Most scientific workflow management systems (WMSs) are difficult to install on remote machines and may have unachievable (or highly nontrivial to work around) requirements (e.g., some WMS might only work with the HTCondor queueing system, but you need to run on a machine that uses Slurm or PBS). Furthermore, many of these systems are designed to accomodate much more general workflows than necessary for MCMC/LGT studies. This excess generality can make it difficult/time-prohibitive to learn how to use a WMS. Finally, most systems require some active central monitor program to be kept running; this program must retain access to remote resources, which can be difficult to manage. taxi was made to address all of these issues: taxi is easy to get running on almost any machine with any queueing system, and designed with running MCMC/LGT simulations in mind.

taxi is intended to be lightweight, requiring a minimum of installation and setup to run on remote clusters. To this end, taxi is written to be compatible with Python 2.6.6, which is the version of Python available on most clusters (including the USQCD machines at Fermilab). The taxi package has minimal dependencies on non-standard Python packages, and works gracefully and transparently with virtualenv to allow installation on machines where users have limited privileges (taxi uses virtualenv roughly like a barebones container).

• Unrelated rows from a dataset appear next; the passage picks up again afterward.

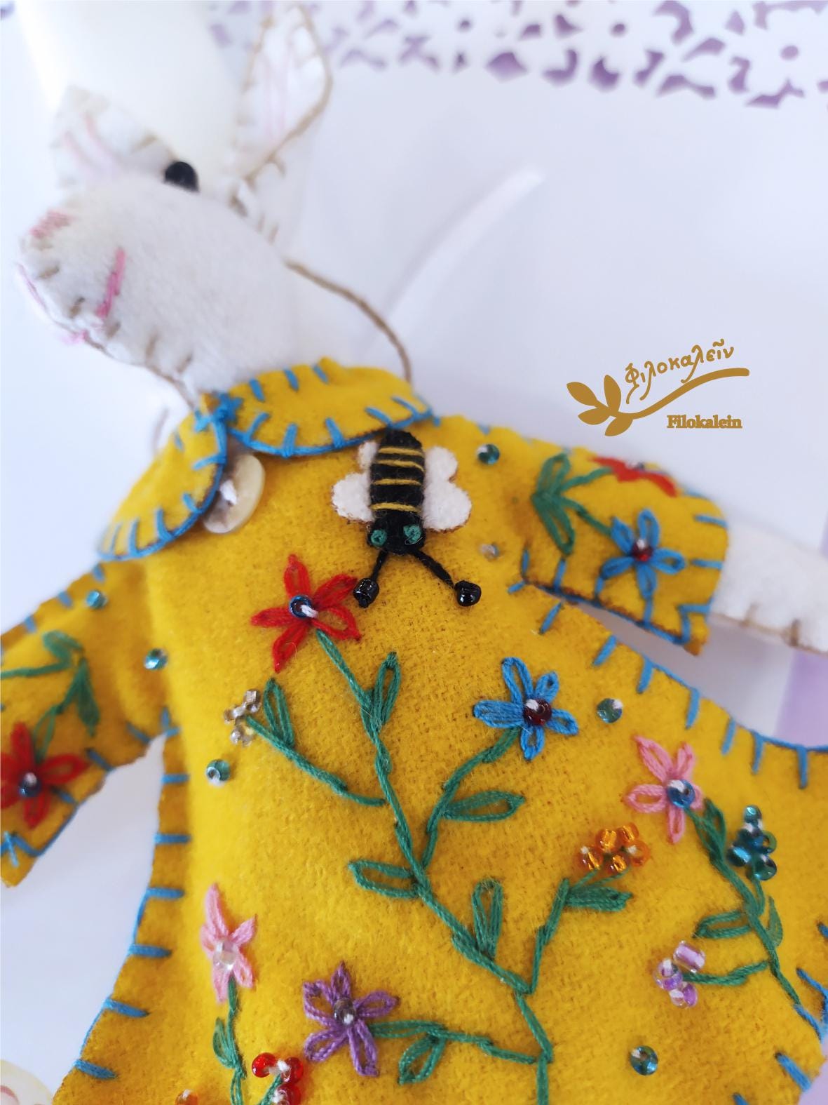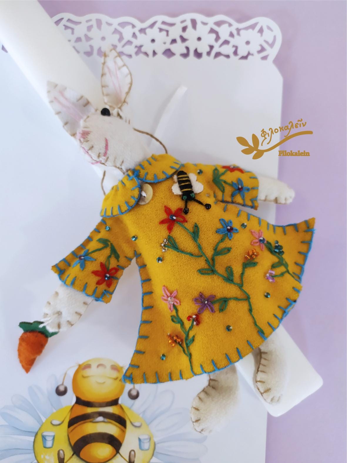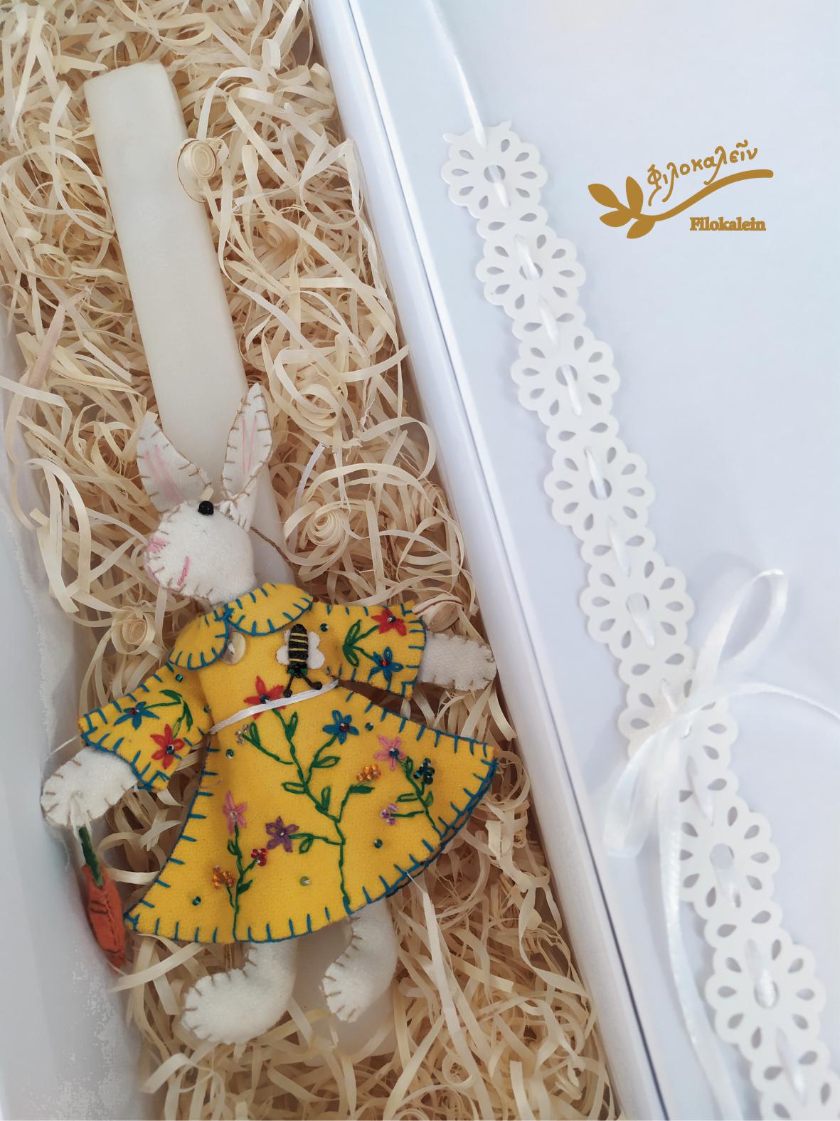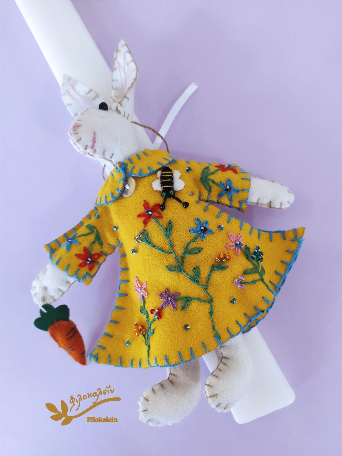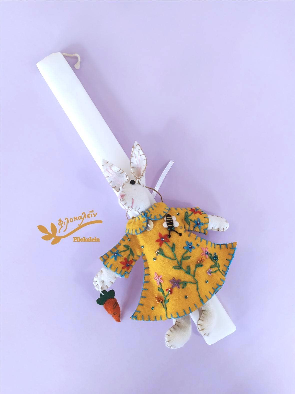 This handmade Greek Easter candle is adorned with a tender felt rabbit, lovingly holding a carrot and dressed in a hand-stitched yellow dress embroidered with spring florals. Every stitch honors craftsmanship, patience, and the magic of childhood.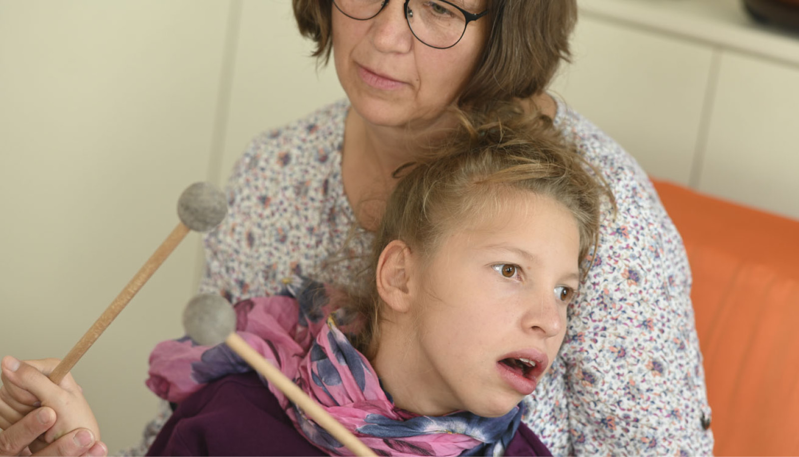 „Ich erinnere mich noch genau an den Anfang der Musiktherapie. Es ist so, dass ich neugierig und vorsichtig war. Ich wusste nicht, was da auf mich zukommt und was da gemacht wird. Es war gut, dass meine Mama dabei war. Oft war es so, dass ich hören musste, was ich alles nicht kann und nie lernen werde. Deshalb bin ich eher vorsichtig, wenn jemand mit mir was machen will.“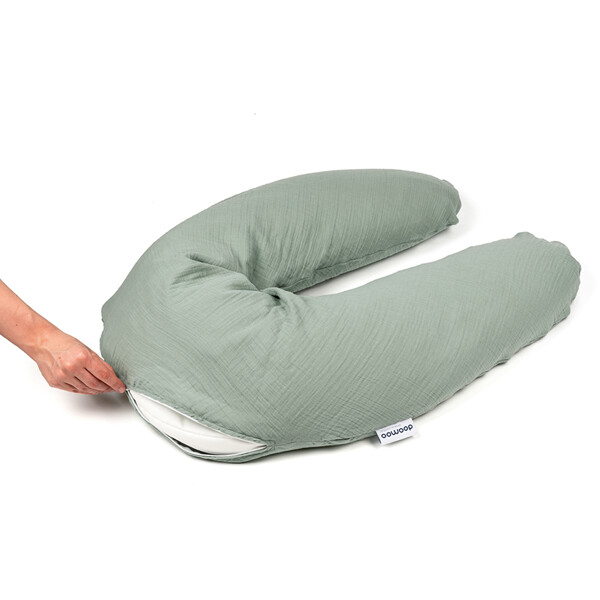 Doomoos kombinerade gravid- och amningskudde Muslin har fler smarta funktioner. Den kan även användas som ett skönt liggstöd till barnet, både när det ligger på mage och på rygg samt som ett säkert sittstöd, som en ”lära sitta-kudde”. Den fungerar även utmärkt som läskudde för både barn och vuxna.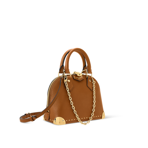This edition of the Alma Trunk BB is offered in a timeless smooth calfskin. It is defined by gleaming gold-toned hardware, from the signature padlock to the trunk-inspired corners and decorative chain. Elegant and functional, it is sized to fit daily essentials and includes a flat pocket to keep a cardholder or smaller items secure.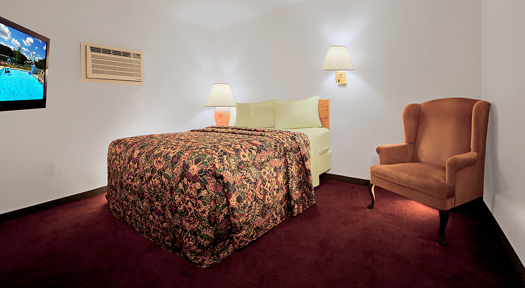 1 Queen and 2 Full beds, bathroom, microwave, refrigerator, hairdryer, cable TV, free Wi-Fi
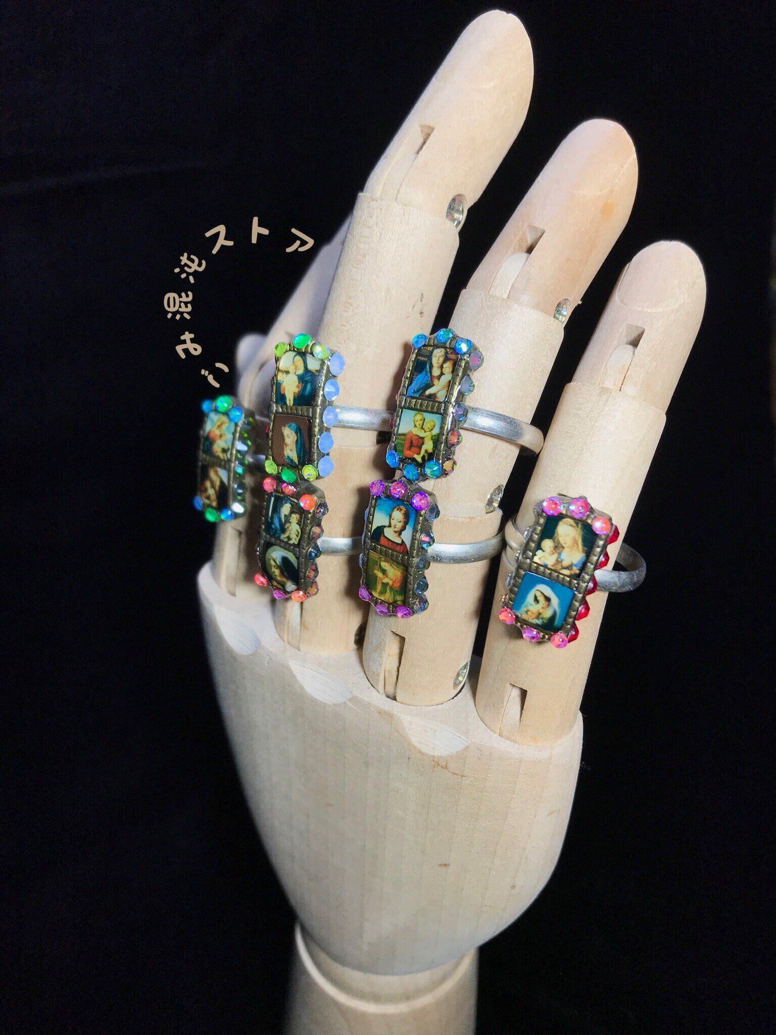 『カラフルなラインストーンがキッチュかつ荘厳な絵が美しいリングです。重ね付けするとおしゃれです♪』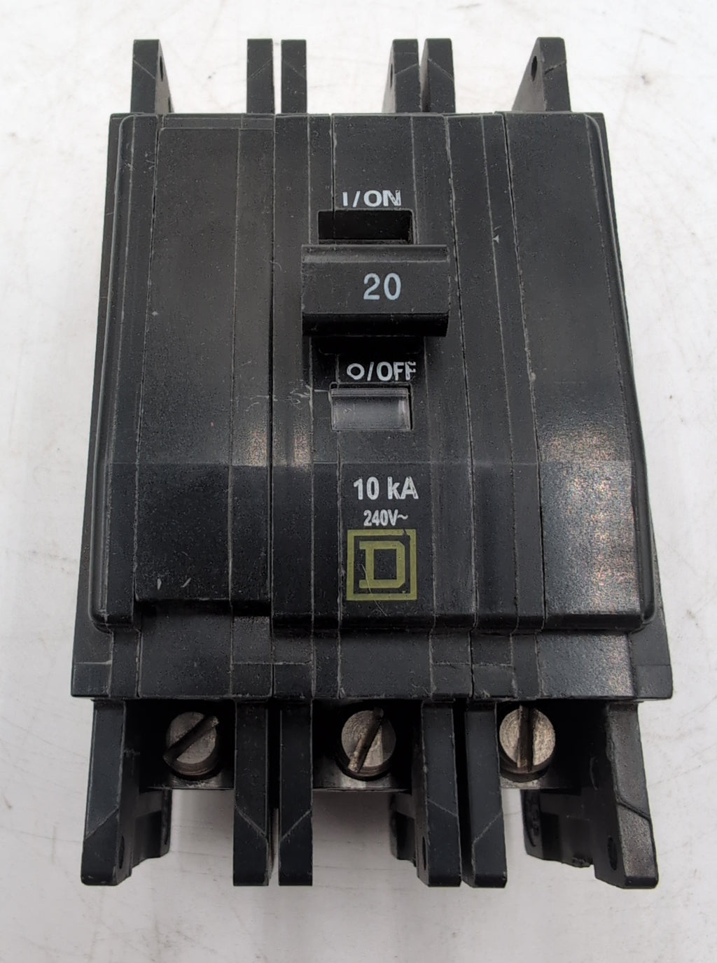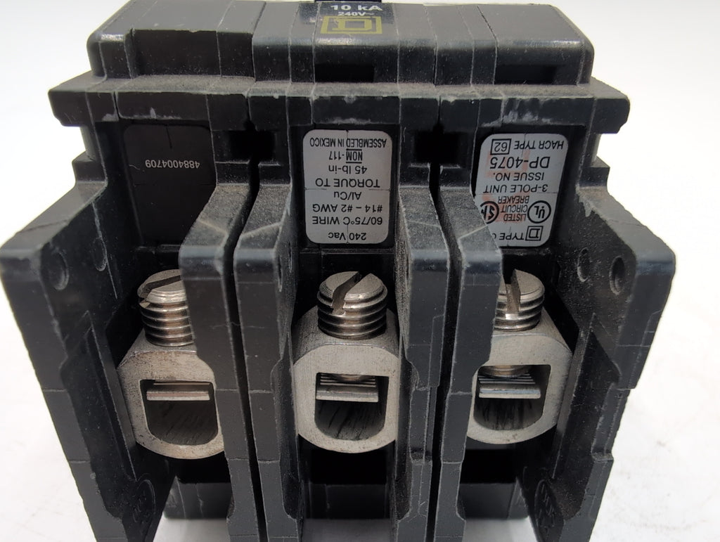 The Square D QOU320 is a 20 Amp, 3-pole miniature circuit breaker designed for overcurrent protection in OEM panels and industrial applications. It is a unit-mount (bolt-on) breaker that supports both AC and DC electrical systems.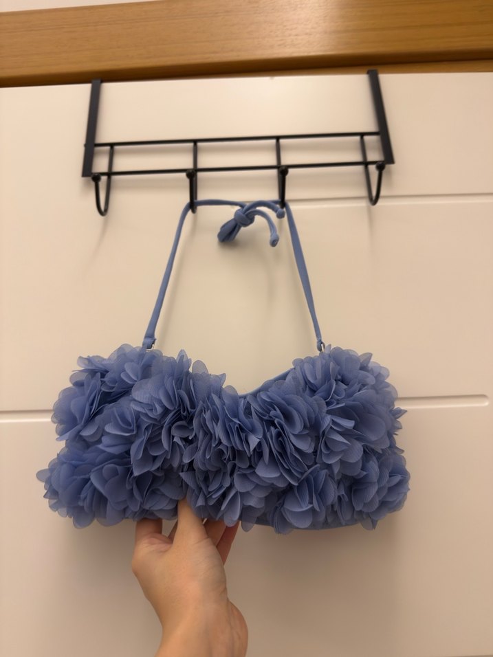 Mavi renkte, yumuşak çiçek detaylı kumaştan yapılmış bohem tarzda bir büstiyerdir. Midi uzunluğunda ve batik desenlidir.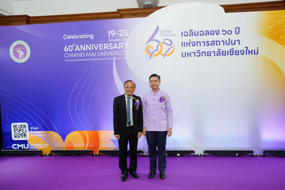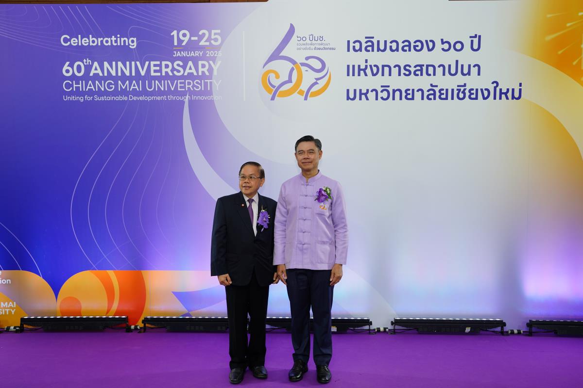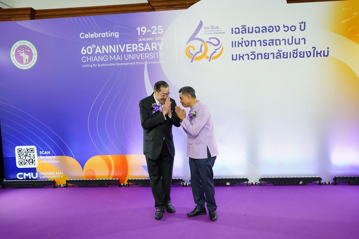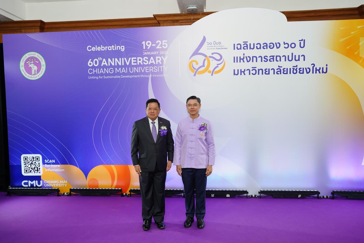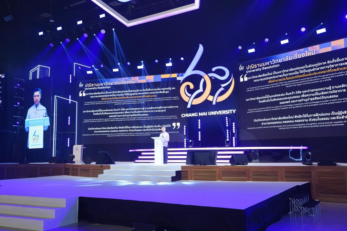 การจัดงานครั้งสำคัญนี้ ได้รับเกียรติจาก ศาสตราจารย์พิเศษ ดร.สุรเกียรติ์ เสถียรไทย นายกสภามหาวิทยาลัยเชียงใหม่ เป็นประธานเปิดงาน และปาฐกถาพิเศษ: “บทบาทของมหาวิทยาลัยกับการพัฒนาอย่างยั่งยืนท่ามกลางความเปลี่ยนแปลงของโลก” (The Role of University and Sustainable Development Amidst Global Disruptions) นอกจากนี้ ยังมีการกล่าวต้อนรับและการบรรยาย : เส้นทางสู่ 6 ทศวรรษมหาวิทยาลัยเชียงใหม่ โดย ศาสตราจารย์ ดร.นายแพทย์พงษ์รักษ์ ศรีบัณฑิตมงคล อธิการบดีมหาวิทยาลัยเชียงใหม่ อีกทั้งมีการกล่าวแสดงความยินดี โดยผู้แทนกงสุล ผู้แทนพันธมิตรมหาวิทยาลัยในต่างประเทศอีกด้วย The 60th Anniversary Celebration of CMU เป็นโอกาสสำคัญในการเฉลิมฉลองความสำเร็จและมุ่งหน้าสู่อนาคต พร้อมร่วมสะท้อนความภูมิใจในบทบาทของมหาวิทยาลัยเชียงใหม่ที่ยืนหยัดเคียงข้างการพัฒนาชุมชน สังคม และประเทศ ตลอด 60 ปีที่ผ่านมา

Most MCMC workflows share a common structure. taxi takes advantage of this structure to make it easy to adapt the software to run different binary suites, and to specify complicated workflows. taxi provides a number of abstract superclasses that run common types of MCMC binaries; adapting these to run a specific binary amounts to overriding two or three functions. A set of convenience functions allow users to specify arbitrarily long sequences of configuration-generations (e.g., HMC) and measurements on the resulting configurations (e.g., spectroscopy).

In order to circumvent the need for an active central monitor program, taxi uses a passive central control scheme. In this "taxi-dispatcher" model, a set of workers (taxis) are controlled by a central, passive controller (the dispatcher). The taxis iterate the following cycle:

  1. Taxi completes its present task
  2. Upon task completion, taxi calls up the dispatcher, informs it if the task completed successfully, and gives it diagnostic information about that task
  3. Dispatcher considers the remaining tasks, tells the taxi what to work on next, and updates its records
  4. Taxi hangs up and begins work on its new task.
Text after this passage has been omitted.